Benjamin Franklin was so successful in business that he retired at age 42 and devoted the rest of his life to public service. He moved to England twice in order to help the relationship between England and its American colonies. While in England, Franklin wrote most of his autobiography at the home of the Bishop of St. Asaph, Jonathan Shipley. His book became the world’s most popular autobiography, and has been translated into most major languages. Franklin’s autobiography was the one book which Davy Crockett had when slaughtered at the Alamo.
Despite his being a strong Royalist, Benjamin Franklin ended up being resented by the British House of Lords who publicly humiliated him for his efforts to bring reconciliation between England and its American colonies. This was Franklin’s tipping point where he became a strong advocate for Independence. As America’s first postmaster general, Franklin was also put in charge of establishing the first US currency. In the aftermath of the Boston Tea Party, Franklin recommended that Americans give up tea drinking as a way to fund their new government. The constitution’s phrase ‘We hold these truths to be self-evident’ was the direct result of Franklin’s editing. Franklin was the only one to sign all four of the USA’s founding papers: the Declaration of Independence, the treaty with France, the peace accord with Britain, and the Constitution. His unsuccessful proposal for the American Great Seal was to have Pharaoh being swallowed by the Red Sea, along with the words ‘Rebellion to Tyrants is Obedience to God.’

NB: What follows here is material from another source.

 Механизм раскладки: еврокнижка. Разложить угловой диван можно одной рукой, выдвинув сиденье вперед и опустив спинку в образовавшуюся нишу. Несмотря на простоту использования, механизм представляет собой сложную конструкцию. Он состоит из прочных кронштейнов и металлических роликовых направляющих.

Franklin’s greatest popularity was among the French who lined the streets when he entered Paris as the USA’s first foreign diplomat. The French saw him as a simple frontier sage, and promptly put his likeness everywhere, causing the French King to become very jealous. Without Franklin’s winning the moral and financial support of the French, it is doubtful that the United States would have survived.

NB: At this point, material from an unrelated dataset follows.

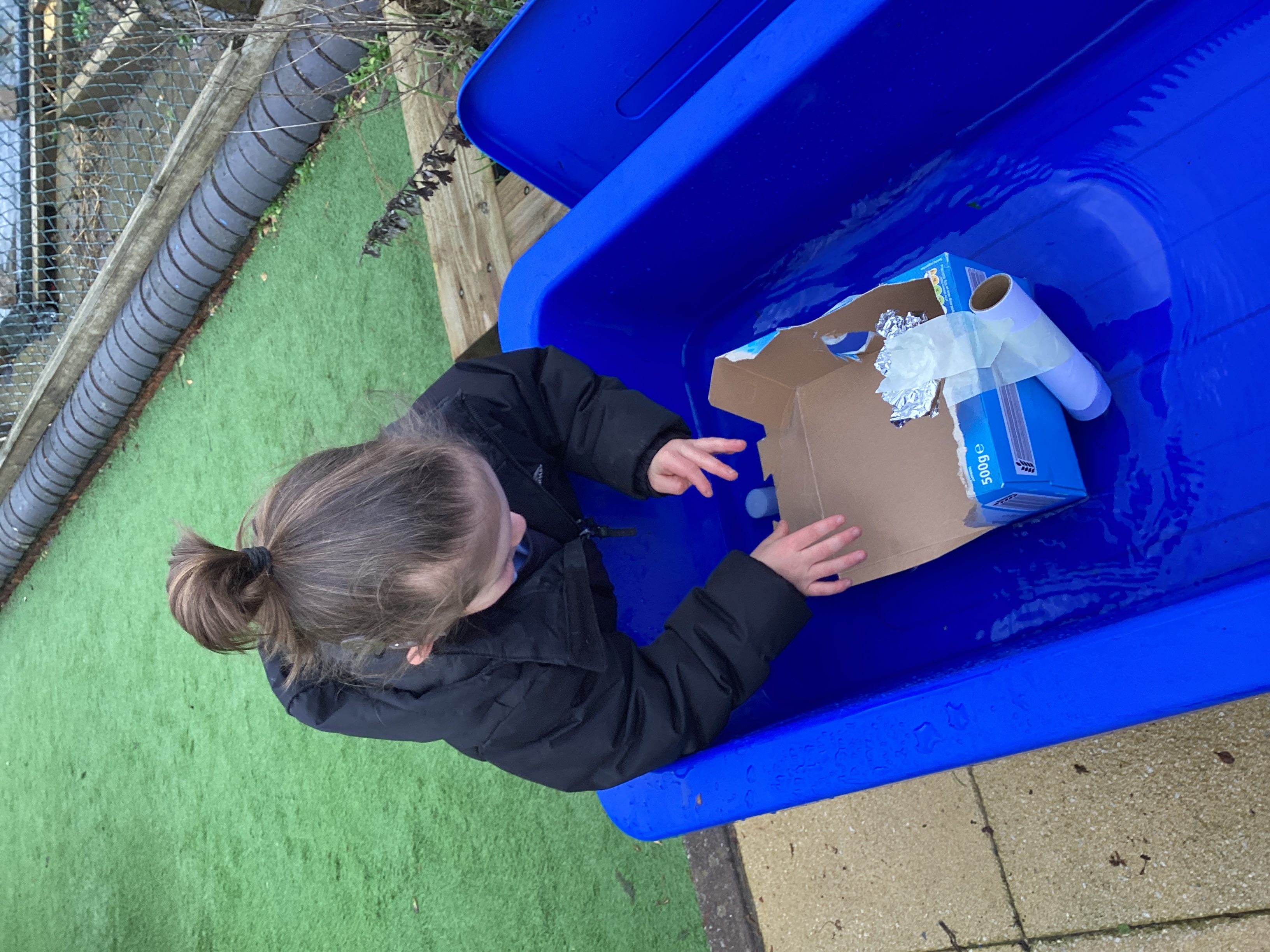 Class 1 designed boats in Design and Technology and then tested them to see if they would sink or float.

Franklin was a very complicated, even tragic individual with strong approach/avoidance tendencies. He loved the United States but spent most of his last years in England and then France. His relations with the opposite sex were muddled and confused. He loved his wife and family but was away more than at home and suffered a painful split with his son William over politics.

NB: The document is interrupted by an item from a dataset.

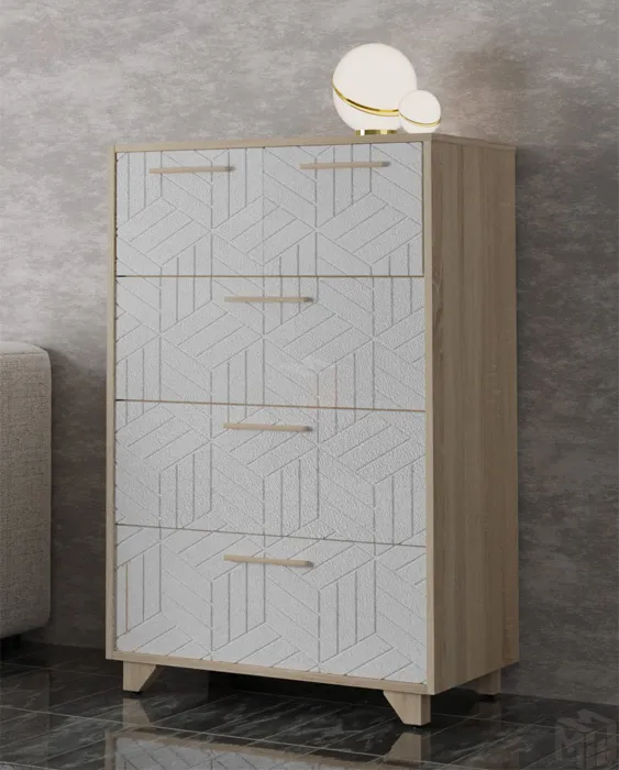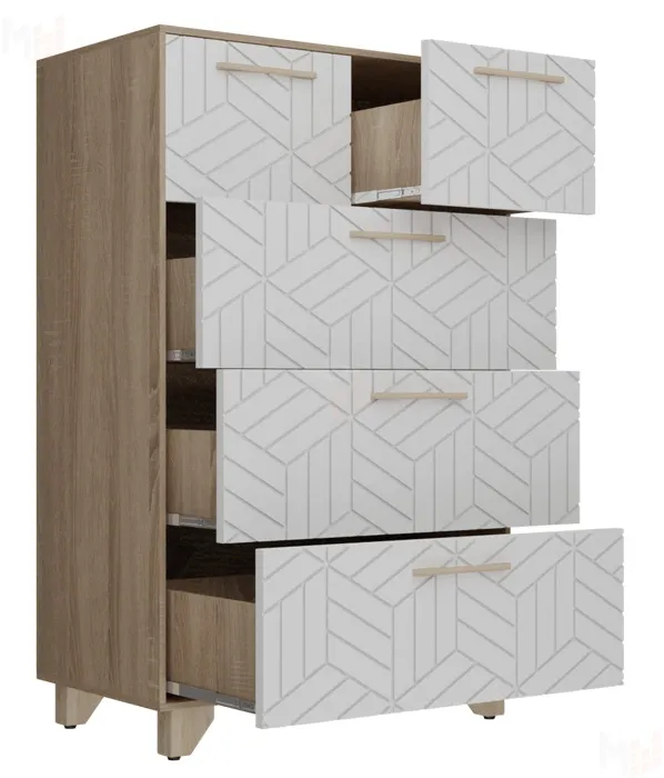 Комод Амстердам — вместительный и функциональный элемент как для спальни, так и гостиной. Модель оснащена тремя большими ящиками для хранения предметов одежды, текстиля и двумя маленькими — для личных вещей, документов, аксессуаров. Конструкцией предусмотрены шариковые направляющие полного выдвижения. Комод оборудован деревянными ручками из массива дуба. Регулируемые опоры, выполненные из массива дерева, позволяют нивелировать неровности напольного покрытия. Возможность сочетания цветов фасада и основы позволит найти подходящий вариант для интерьера. -

Despite Franklin’s reputation as a religious skeptic, he went out of his way in his newspaper to promote the Rev George Whitfield who led North America’s first Great Awakening in 1739-1741. As a scientist, he was amazed that Whitfield’s voice could be heard without amplification by over 30,000 people at one time. Franklin published all of Whitfield’s books and posted his sermons on the front page of his Philadelphia Gazette. Whitfield wrote to Franklin, saying: “As you have made a pretty considerable progress in the mysteries of electricity, I would now humbly recommend to your diligent unprejudiced pursuit and study the mystery of the new-birth. It is a most important, interesting study, and when mastered, will richly answer and repay you for all your pains.”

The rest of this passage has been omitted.